Never Was a Cornflake Girl
- erinmorrismiller
- May 13
- 4 min read
Erin Morris Miller, PhD
(This blog was previously posted on the discontinued site thegiftedscholar.com)
When my family felt that my grandmother was near to death, we rotated keeping a 24/7 vigil beside her bed thus ensuring she would not die alone. I was there and my grandmother woke up briefly and said, “Is that Erin Marie over there cutting shines?” I replied that I was over 40 years old and no longer “cut shines.” The last thing she said in my presence was, “Erin Marie never listens to anyone.”
Oh, I listened…but did not necessarily obey. I was known for cutting shines. Other common remarks during my childhood include, “Erin marches to her own drummer” and “Erin is her own person” both said with a knowing eyebrow raise.

Flashback: My grandfather drove tractor-trailer trucks for a living. At his house was a deck built on a slab of concrete that had the date of a Teamsters strike etched on a corner. I had asked him about it when I was eight and he explained about workers strikes. Later that month he took all his grandchildren camping and declared that the child with the best behavior would get a prize at the end of the day. I was extra well behaved and worked hard not to fight with my brother or cousins. At the end of the day my older sister received the prize. She was dainty and preferred to sit and take care of my toddler cousin than get dirty exploring the national park. She was a helper. I argued that she was just acting in her nature, while I was having to work hard to be obedient. The ruling remained unchanged so…I went on strike. I wrote UNFAIR! on a piece of cardboard, attached it to a stick and picketed. The word spread quickly through Big Meadows Campground that a tiny girl was on strike. The park rangers came. Sides were taken. People took photos, grinning wildly while I scowled at the camera.

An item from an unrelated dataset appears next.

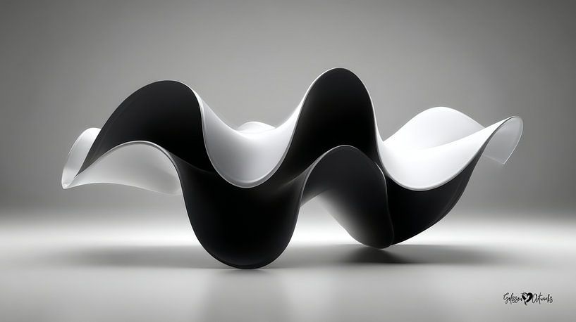Monochrome Flow – een unieke serie abstracte zwart-wit kunstwerken waarin vorm, beweging en contrast elkaar in perfecte balans ontmoeten.
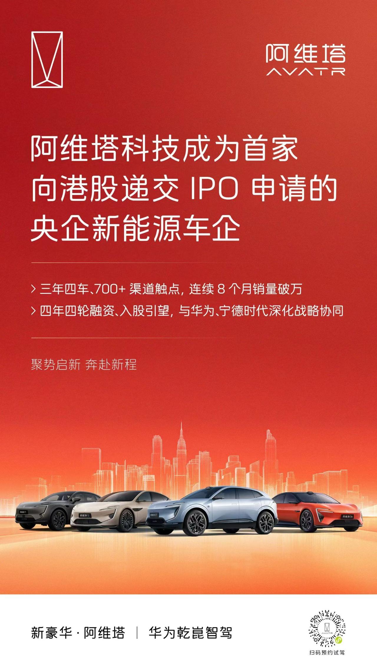 首家向港股递交IPO申请的央企新能源车企!! 阿维塔递交港股IPO申请! 三年四车、连续8个月销量破万 四年四轮融资,累计募集资金超190亿; 115亿入股引望,成第二大股东 战略深化,与华为、宁德开辟新纪元 全球布局,覆盖30+国家和地区、布局700+渠道触点

Recently a colleague in the field of gifted education posed this question regarding what he felt was an unnecessary pathologicalization of behavior, “What happened to just being weird?” I didn’t respond, but I do know one thing:
I was a weird kid. Fast talking. Emotional. Iron-willed. I burned through books. I got overheated easily. I could only wear clothes made of natural fibers. Sometimes I would get lost in thought and stare off into the distance, my body paused in mid action. Sometimes I would wander off. Once my parents lost me in a museum and then saw I was inside the exhibit talking to the curator.
I knew I was a bit different. But I never felt alone. Why? Because I wasn’t. You know who else never listened? My great aunt Maggie. Who else marched to her own drummer? My great-grandmother Clarice. Was strong-willed? My great-grandmother Annie. Fast-talking? My aunt Judy. Emotional? My aunt Carol. Overheated easily? My grandmother Carrie. Spent most of her time reading? My grandmother Doris. Feeling hot and fratchety*? Feel free to retreat outside or to the “cold room” as every house seemed to have a room that was not often used and thus not heated.

What really got me thinking about this was both a post by Scott Barry Kaufman in which he highlighted marginalization among 2E individuals and a recent Twitter gtchat discussing bullying.
I would not claim the label of 2E for myself despite struggling with anxiety and depression during my adolescence and young adulthood. One of the main purposes of labels is to trigger services of some kind. Beyond services for gifted students, I didn’t need anything else. I experienced bullying, certainly, but never marginalization. One of the reasons for this is that regardless of the circumstances, I knew that my family had my back. A lot of family had my back…
Flashback: At my daughter’s first post-natal appointment I expressed concern that she was not latching well for nursing. The pediatrician told me that lots of women have difficulty nursing and I should switch to formula. I didn’t listen (of course) and took her to an infant ear-nose-throat specialist at the nearby University of Virginia hospital. She had severely swollen and blocked nasal passages. A regimen was created, and her nursing problems were resolved. I was happy but also angry at the pediatrician. I told the story to my mother. She shared it with my grandmother. Who shared it with my aunts and great aunts. Who shared it with my cousins. A few days later the owner of the pediatric practice called me to apologize and said he couldn’t walk freely in Harrisonburg without someone chastising him.
My daughter experienced some difficulties with other students at school and I asked her if she wanted me to “release the hounds.” She replied that she would handle it. She is confident and outspoken, because she can be. Myriad people, some of which she does not even know, have had her back from the moment she was born. We have talked together about the gift that is the knowledge that you are backed by a clan. It gives you confidence. It also allows you the freedom to risk being as weird as you would like. Perhaps the increased desire to seek the labels is partially motivated by a desire to find that clan.